**EXERCISE PROMPT:** From the records below, output exactly the lines starting at the line with "LANGITKU.NET, Enrekang –" and ending at the line with "Prodaje se moderan", both of them included, but no pictures.

**DATA RECORDS:**
== Segment start ==

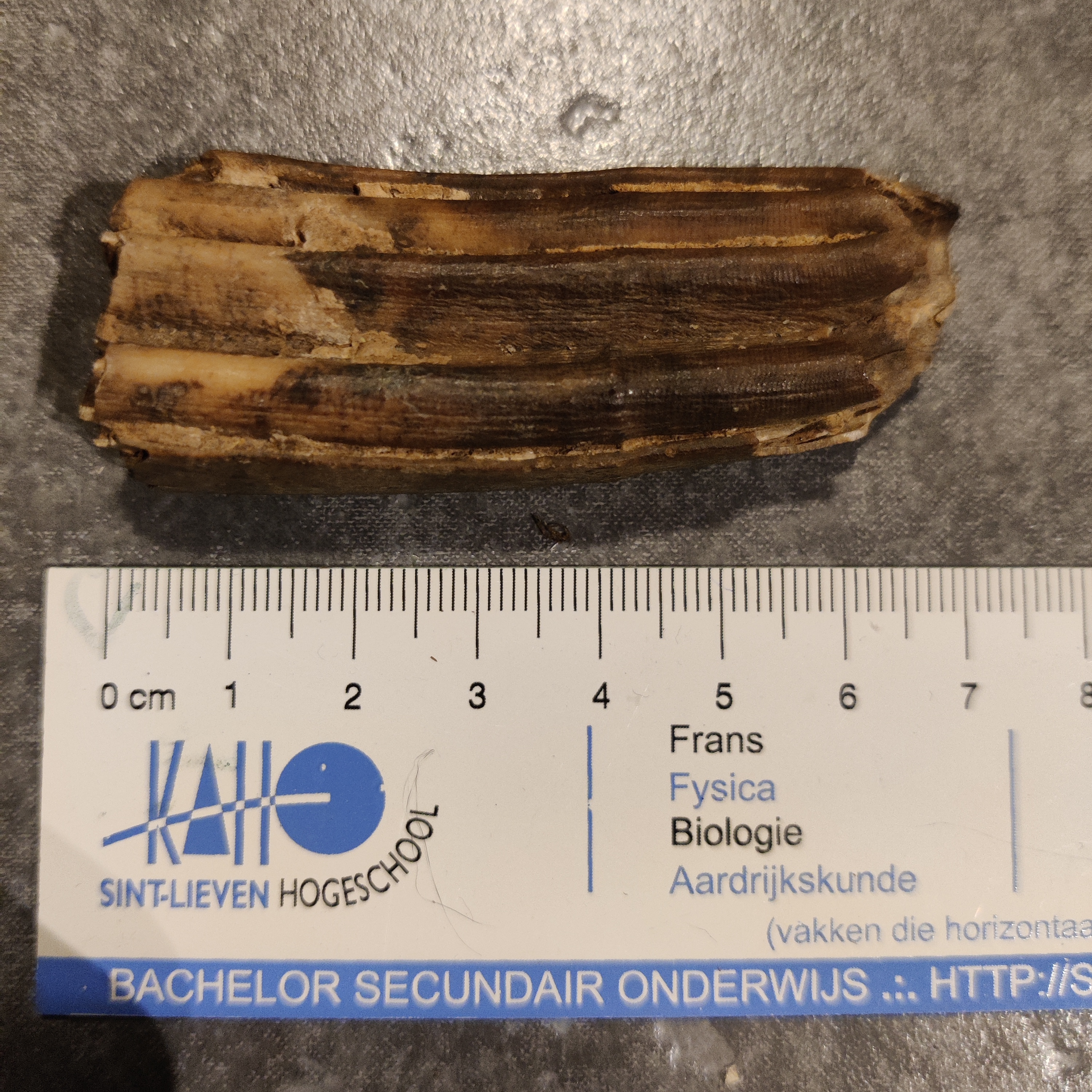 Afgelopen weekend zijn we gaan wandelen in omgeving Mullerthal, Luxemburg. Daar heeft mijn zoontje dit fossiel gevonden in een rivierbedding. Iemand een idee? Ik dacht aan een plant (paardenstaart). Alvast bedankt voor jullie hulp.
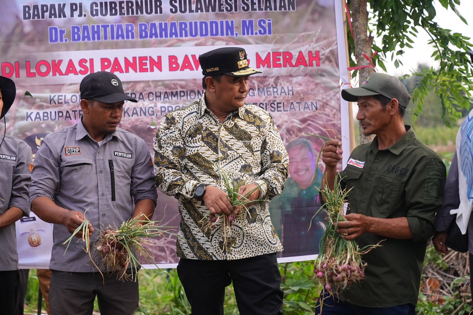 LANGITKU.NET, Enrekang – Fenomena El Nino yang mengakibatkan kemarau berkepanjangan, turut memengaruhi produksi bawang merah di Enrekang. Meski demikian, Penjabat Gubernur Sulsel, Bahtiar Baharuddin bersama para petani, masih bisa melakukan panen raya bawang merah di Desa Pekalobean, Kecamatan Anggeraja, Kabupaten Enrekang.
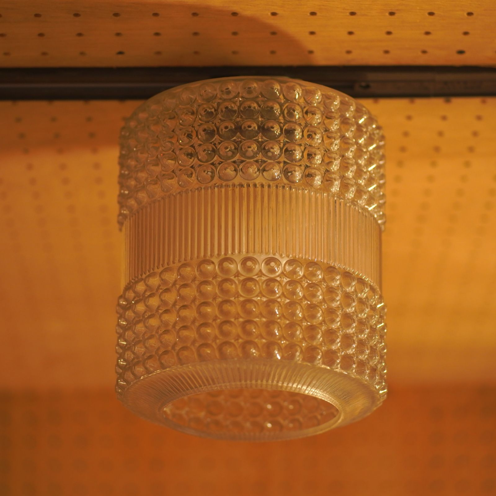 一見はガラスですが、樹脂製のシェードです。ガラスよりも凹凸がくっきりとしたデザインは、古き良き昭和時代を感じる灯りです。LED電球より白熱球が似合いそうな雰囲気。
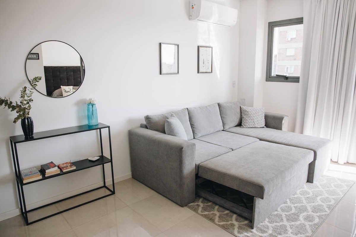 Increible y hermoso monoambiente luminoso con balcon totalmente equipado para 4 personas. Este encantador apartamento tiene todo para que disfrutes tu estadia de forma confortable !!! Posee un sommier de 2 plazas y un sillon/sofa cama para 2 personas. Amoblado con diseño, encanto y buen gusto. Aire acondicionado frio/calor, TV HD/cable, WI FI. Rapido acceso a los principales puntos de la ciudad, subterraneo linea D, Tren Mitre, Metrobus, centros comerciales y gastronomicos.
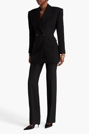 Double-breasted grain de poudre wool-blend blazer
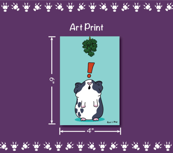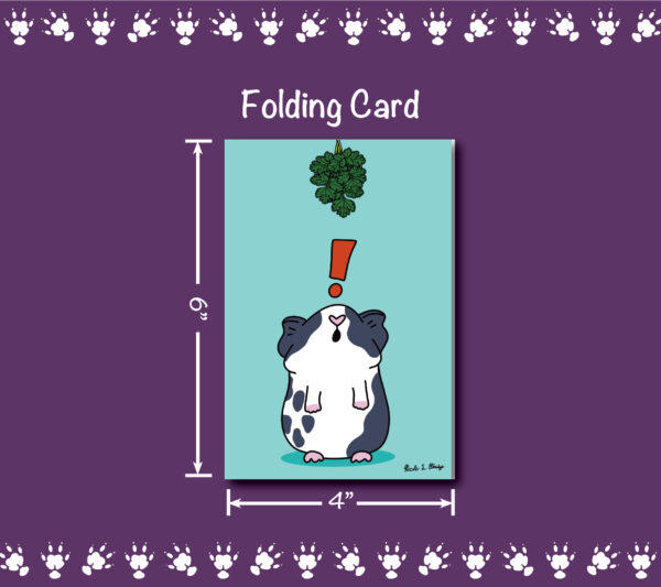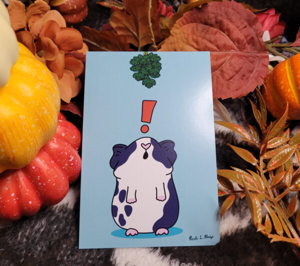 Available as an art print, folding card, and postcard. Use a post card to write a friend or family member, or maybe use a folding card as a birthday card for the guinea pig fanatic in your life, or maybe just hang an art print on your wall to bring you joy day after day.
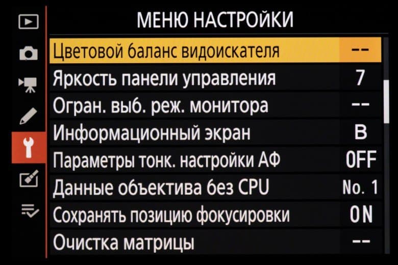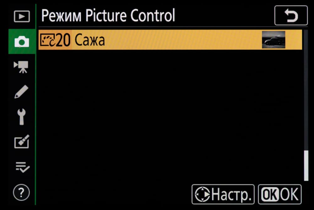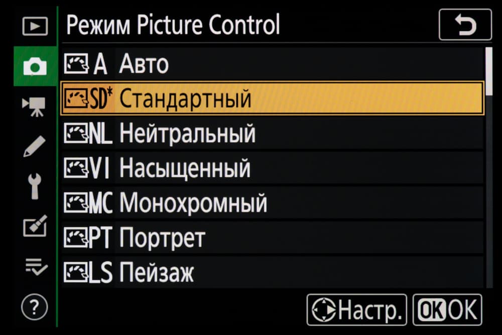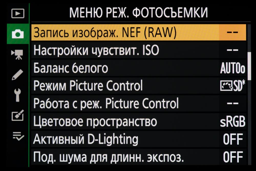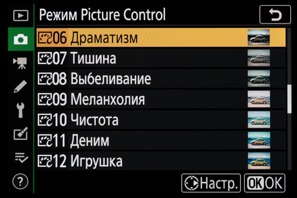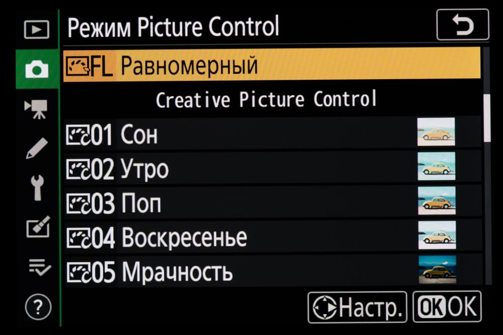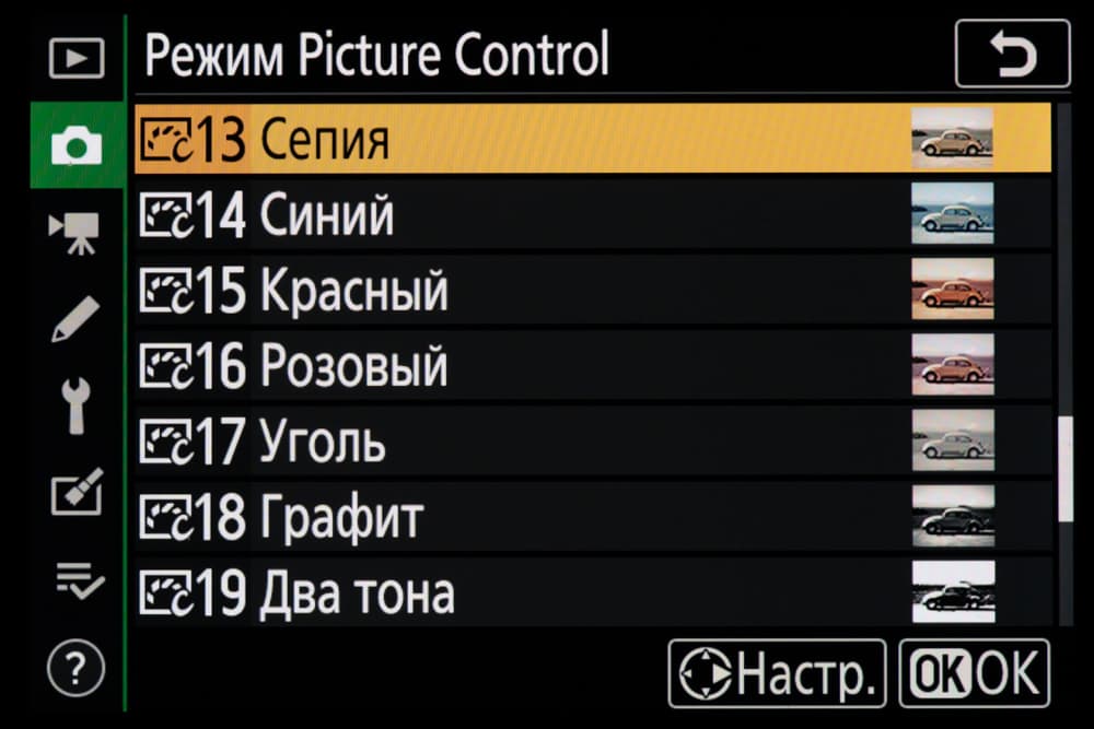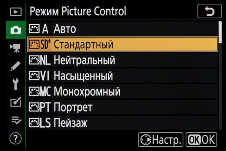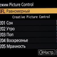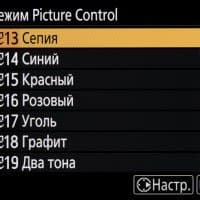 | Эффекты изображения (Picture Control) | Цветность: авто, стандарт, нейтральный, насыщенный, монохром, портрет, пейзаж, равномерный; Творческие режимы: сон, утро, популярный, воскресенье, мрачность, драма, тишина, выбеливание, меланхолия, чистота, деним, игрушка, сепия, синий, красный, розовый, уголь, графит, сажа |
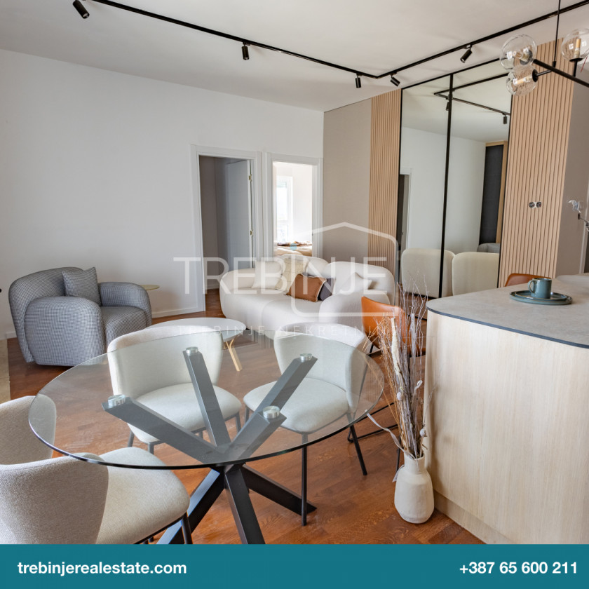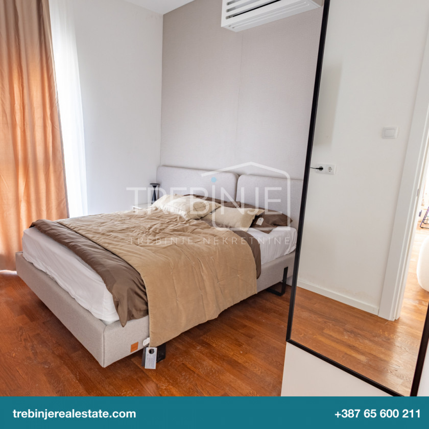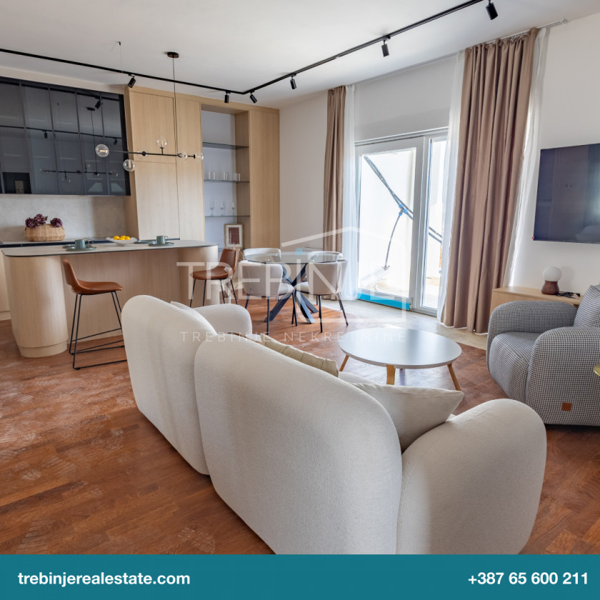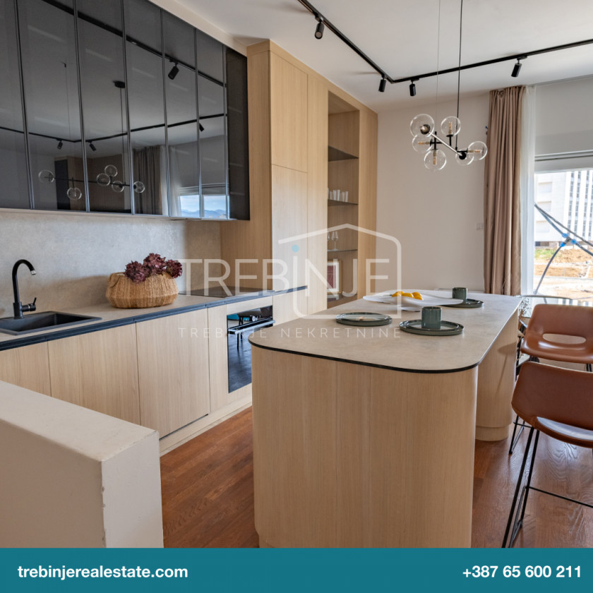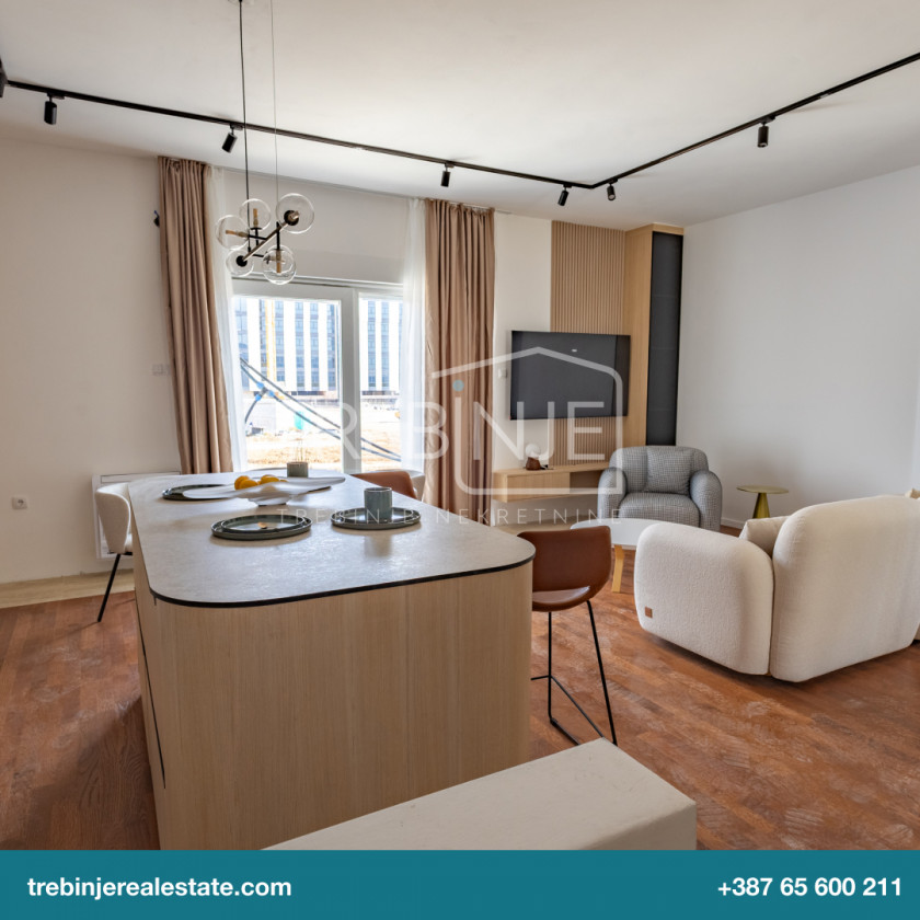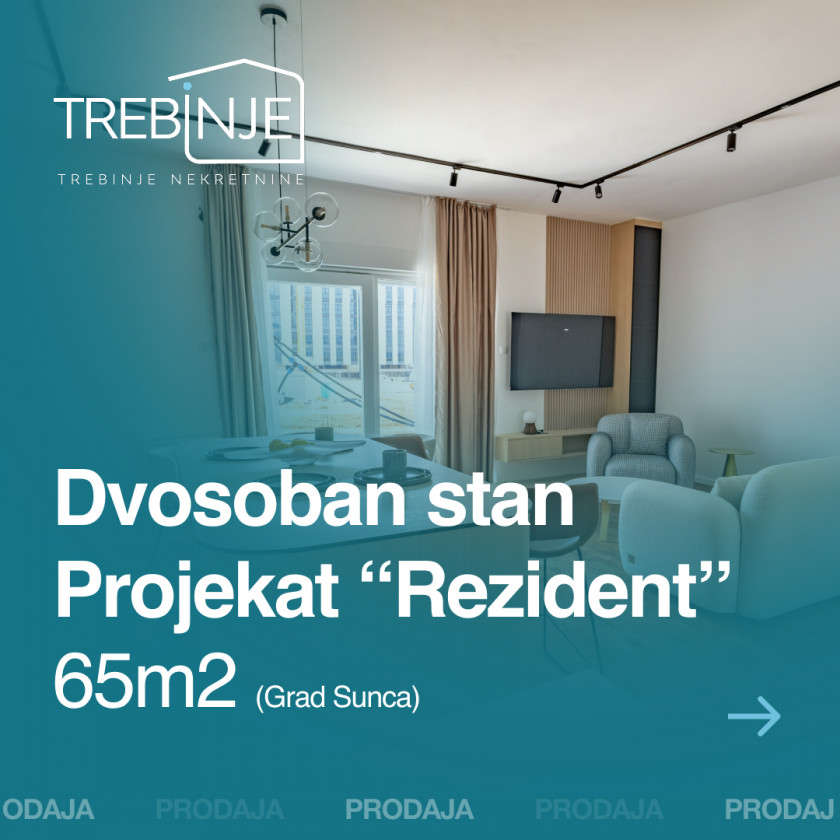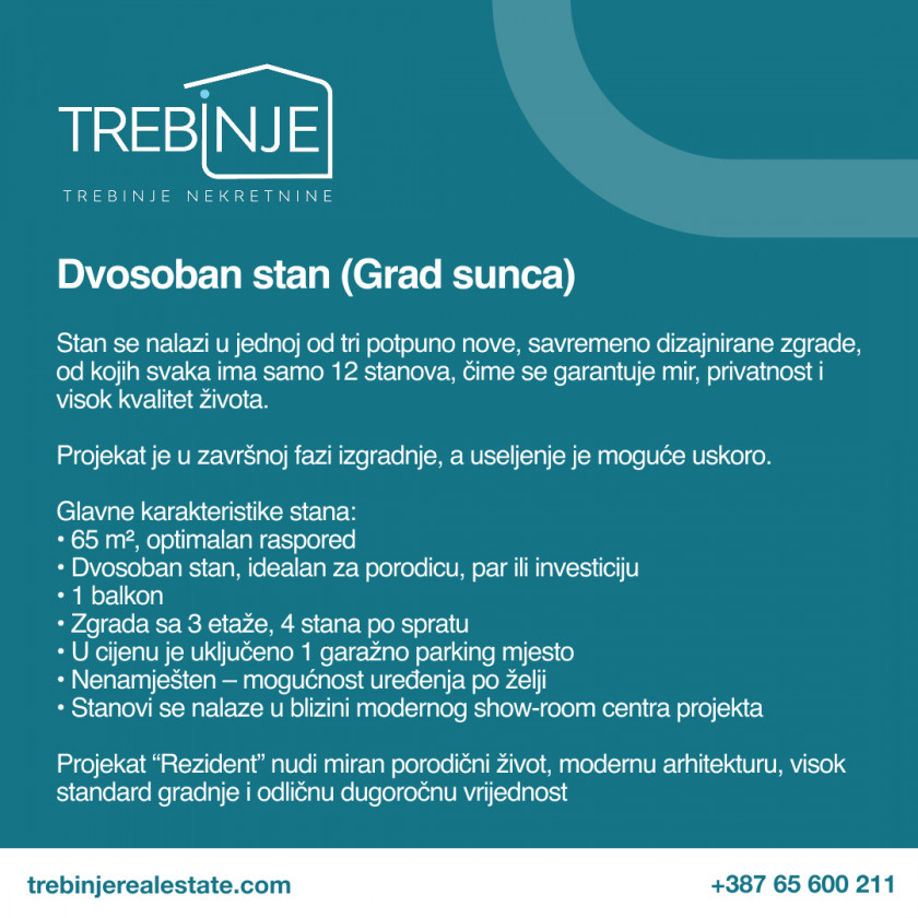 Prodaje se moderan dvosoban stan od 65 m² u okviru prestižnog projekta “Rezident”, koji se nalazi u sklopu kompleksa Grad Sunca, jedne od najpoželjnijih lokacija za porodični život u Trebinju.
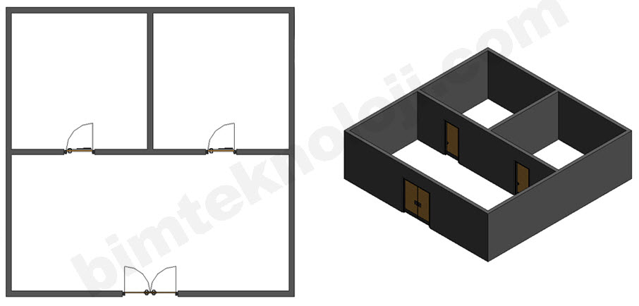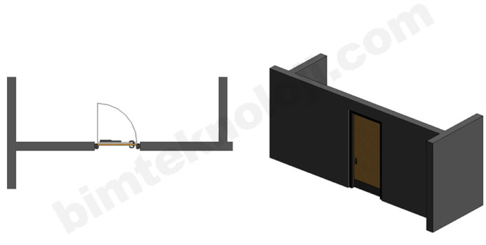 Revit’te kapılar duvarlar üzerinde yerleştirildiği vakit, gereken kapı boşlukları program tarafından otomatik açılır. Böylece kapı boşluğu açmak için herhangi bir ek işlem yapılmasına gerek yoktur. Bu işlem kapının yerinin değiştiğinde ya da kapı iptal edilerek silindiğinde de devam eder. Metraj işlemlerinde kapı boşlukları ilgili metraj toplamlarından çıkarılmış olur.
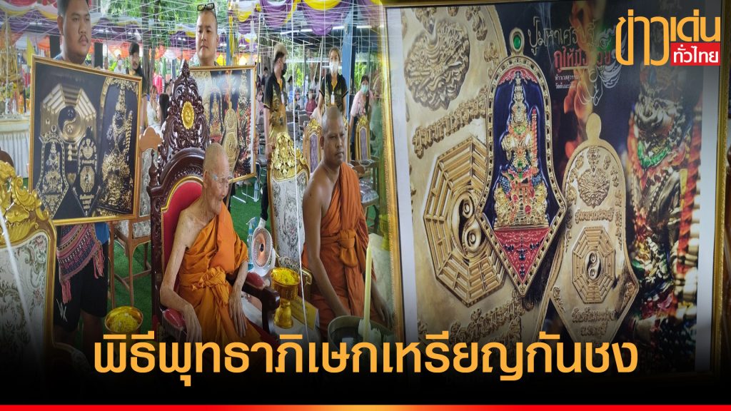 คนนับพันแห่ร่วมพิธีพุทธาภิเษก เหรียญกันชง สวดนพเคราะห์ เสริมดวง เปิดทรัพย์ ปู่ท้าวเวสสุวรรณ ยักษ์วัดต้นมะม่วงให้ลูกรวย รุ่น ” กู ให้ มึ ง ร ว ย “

== Segment end ==

**ANSWER TO THIS PROBLEM:**
 LANGITKU.NET, Enrekang – Fenomena El Nino yang mengakibatkan kemarau berkepanjangan, turut memengaruhi produksi bawang merah di Enrekang. Meski demikian, Penjabat Gubernur Sulsel, Bahtiar Baharuddin bersama para petani, masih bisa melakukan panen raya bawang merah di Desa Pekalobean, Kecamatan Anggeraja, Kabupaten Enrekang.
 一見はガラスですが、樹脂製のシェードです。ガラスよりも凹凸がくっきりとしたデザインは、古き良き昭和時代を感じる灯りです。LED電球より白熱球が似合いそうな雰囲気。
 Increible y hermoso monoambiente luminoso con balcon totalmente equipado para 4 personas. Este encantador apartamento tiene todo para que disfrutes tu estadia de forma confortable !!! Posee un sommier de 2 plazas y un sillon/sofa cama para 2 personas. Amoblado con diseño, encanto y buen gusto. Aire acondicionado frio/calor, TV HD/cable, WI FI. Rapido acceso a los principales puntos de la ciudad, subterraneo linea D, Tren Mitre, Metrobus, centros comerciales y gastronomicos.
 Double-breasted grain de poudre wool-blend blazer
 Available as an art print, folding card, and postcard. Use a post card to write a friend or family member, or maybe use a folding card as a birthday card for the guinea pig fanatic in your life, or maybe just hang an art print on your wall to bring you joy day after day.
 | Эффекты изображения (Picture Control) | Цветность: авто, стандарт, нейтральный, насыщенный, монохром, портрет, пейзаж, равномерный; Творческие режимы: сон, утро, популярный, воскресенье, мрачность, драма, тишина, выбеливание, меланхолия, чистота, деним, игрушка, сепия, синий, красный, розовый, уголь, графит, сажа |
 Prodaje se moderan dvosoban stan od 65 m² u okviru prestižnog projekta “Rezident”, koji se nalazi u sklopu kompleksa Grad Sunca, jedne od najpoželjnijih lokacija za porodični život u Trebinju.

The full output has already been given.